那天下午,我坐在不动产登记中心门口的台阶上,手里攥着意向金收据。手机震了一下,我低头看了一眼。
银行的余额提醒短信,刺得我眼睛发疼。
462.38元。
我使劲眨了眨眼,以为是看错了。又看一遍,还是462.38。
58万呢?我们攒了十年的58万呢?
我手开始抖,抖得手机都拿不稳。
这时电话响了,屏幕上是张志远的名字。我看着那三个字,第一次觉得,这人怎么这么陌生。我按了静音,没接。
想哭,但哭不出来。
01
我和张志远结婚十年了。
十年说长不长,说短不短。够一个孩子从出生长到小学毕业,够一对夫妻从热恋熬到左手摸右手。
我们俩都是普通工薪阶层。我是会计,在一家私营企业干了八年,月薪刚过万。他做销售,收入不稳定,好的时候能拿两万,差的时候也就五六千。
日子过得紧巴巴的。
但再紧,我们也咬牙存钱。从结婚第二个月开始,我们就办了一个定期存折,约定每个月固定往里存钱,雷打不动。
为了这58万,我省了一辈子。
同事约着喝下午茶,我说不去了,回家煮点粥就行。
商场换季打折,我看上了一件羽绒服,翻来覆去摸了半天,最后也没买。
那件衣服我现在还记得,灰色的,领子上一圈白色的毛,挺好看。
但一看标价699,我愣是没舍得。
张志远说我抠。我说这叫会过日子。
他笑,笑着笑着就不笑了。
我不知道他那时候笑什么。现在想想,可能他笑的是我傻。
存折一直锁在卧室衣柜最底下那个抽屉里。钥匙我收着,他也知道地方。我们都有一把备用钥匙,但平时没人去动那个抽屉。
我很信任他。
十年了,我从来没查过那本存折。
所以那天下午,当中介催着交意向金,我兴冲冲跑去银行取钱的时候,压根没想过会有这么一出。
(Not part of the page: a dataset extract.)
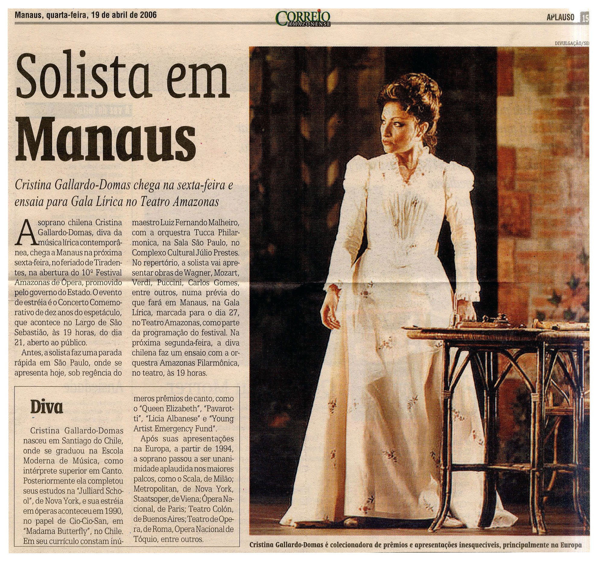 Solista, Cristina Gallardo, Teatro Amazonas, Festival de Ópera, Concerto, Largo São Sebastião

我在柜台前坐下,递进去存折和身份证,笑着说:“麻烦帮我把这上面的定期都取出来,我要交房子首付。”
柜员是个年轻的姑娘,看了一眼屏幕,表情有点奇怪。
“姐,您这笔定期已经提前支取了。”
“什么?”我没听明白。
“上个月15号,这笔定期存款已经提前支取,转到另一个账户了。”她指了指屏幕,“余额还剩462.38元。”
我愣住了。
“不可能。”我声音都有点变了,“这存折我只放在家里,没人动过。”
“姐,定期提前支取需要本人持身份证到柜台办理。”柜员很耐心地解释,“您不记得了吗?”
我记得个屁。
我没办理过。那只有一个人。
我坐在椅子上,觉得整个银行大厅都在转。
手机在口袋里震了一下。我掏出来一看,是张志远发来的微信:“晚上在外面吃饭,不回去了。”
我盯着那条消息看了很久。
然后我打了银行流水。
58万,分三笔转出。收款人:张海生。
张海生。
张志远的弟弟。
02
从银行出来,我不知道怎么走回家的。
路上经过了我们看中那个楼盘,我站住了,抬头望着那块巨大的广告牌。
上个月我们来看过,售楼小姐很热情,说有一套两居室特别合适,首付刚好58万出头。
张志远当时还跟她讨价还价,问能不能再优惠点。
我现在想起他那天的表情,还是一脸真诚。
他就是用这张脸骗了我十年。
到家后,我打开那个抽屉。存折还在,还好好地夹在一个信封里。打开一看,最后一页确实有一笔大额支取记录,日期是上个月15号。
我翻开手机,查了一下当天的聊天记录。
那天张志远发消息说,公司领导请他们吃饭,要晚点回来。
我回他说少喝点酒。
晚上十一点他到家,我给他热了汤。
他喝了汤,洗了澡,上床的时候还亲了我一下。
我想吐。
真的,特别想吐。
我又翻了翻张海生的朋友圈。
他是那种恨不得把一天二十四小时都直播出来的人。
上个月15号他没发朋友圈,但16号发了一条,配图是一家高档餐厅的菜单,写着“感谢大哥大嫂赏饭”。
我给他那条朋友圈点了个赞。
他回了三个大笑的表情。
现在看这三个表情,我后背发凉。
他们兄弟俩是不是早就算计好了?从我这里把钱拿走,然后再一起吃顿好的,庆祝庆祝?庆祝我像个傻子一样,被蒙在鼓里还给他们点赞?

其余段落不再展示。